Ready to give PC pirates the boot? Here are Citron’s three best tips on protecting your vital information:
- Always backup. If you lose your files, you’ve got problems, but if you have a copy of them, you’re better off. Most of us know the importance of backing up information, but do we do this diligently? Make it part of your routine — once a week, once a day — to save information to floppies or CDs. While you’re duplicating your files, delete personal or confidential information you no longer use.

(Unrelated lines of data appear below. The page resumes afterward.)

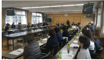
理事会全体の様子

理事会後の懇親会では、3年生理事の皆様にご挨拶の気持ちを伝えました。3年間という長きにわたりPTA活動に携わっていただき、本当にありがとうございました。また、この会に参加できなかった3年生理事の皆様にも、この場を借りてお礼申し上げます。
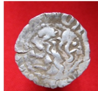
8. Польське королівство, Людовік Угорський (1342-1382), галицько-руський грошик
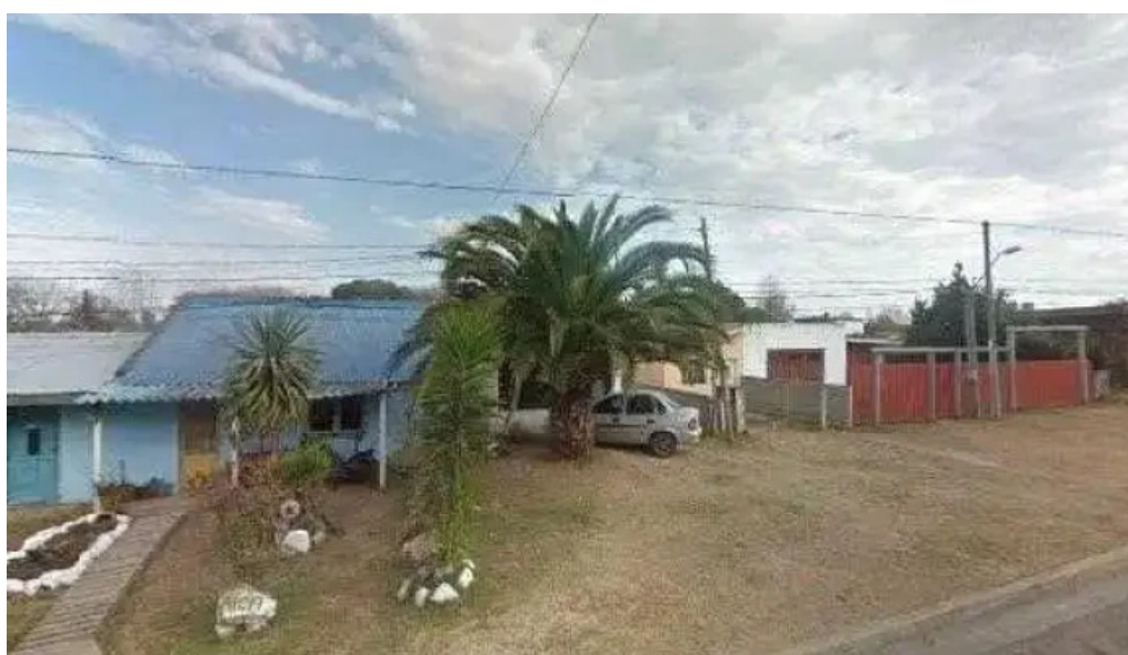
Liceo no2 Luis Barrios Tassano videos

- Protect with passwords. At the very least, make sure your computer is protected with passwords — the trickier, the better. “It’s like locking the front door,” says Citron. So, if your laptop goes missing, a thief would have to crack this lock — usually too much of a hassle for someone who only wants the hardware. Use the Help function on your computer to find out how to set up passwords. Another block to use is a firewall, which prevents theft of your information over the Internet. Firewalls stop hackers from viewing the ports you visit. WhiteHat offers a free firewall download and other tips on keeping peepers out at www.whitehatadvisory.com
- Stay on top of your patching. Patches are used to plug holes in your computer software. Every week, hackers find 60 to 70 vulnerabilities that they can use to break into computers. Back in September, the “Bug Bear” virus targeted computers with Windows 98, especially ones that had not been patched. The virus allowed the unidentified hacker to monitor every keystroke the user made, including passwords. To keep abreast on patches and other security updates, go to www.microsoft.com and go to Windows Updates. Users of Mac OS X don’t need to do a thing: Software Update automatically checks weekly for necessary patches.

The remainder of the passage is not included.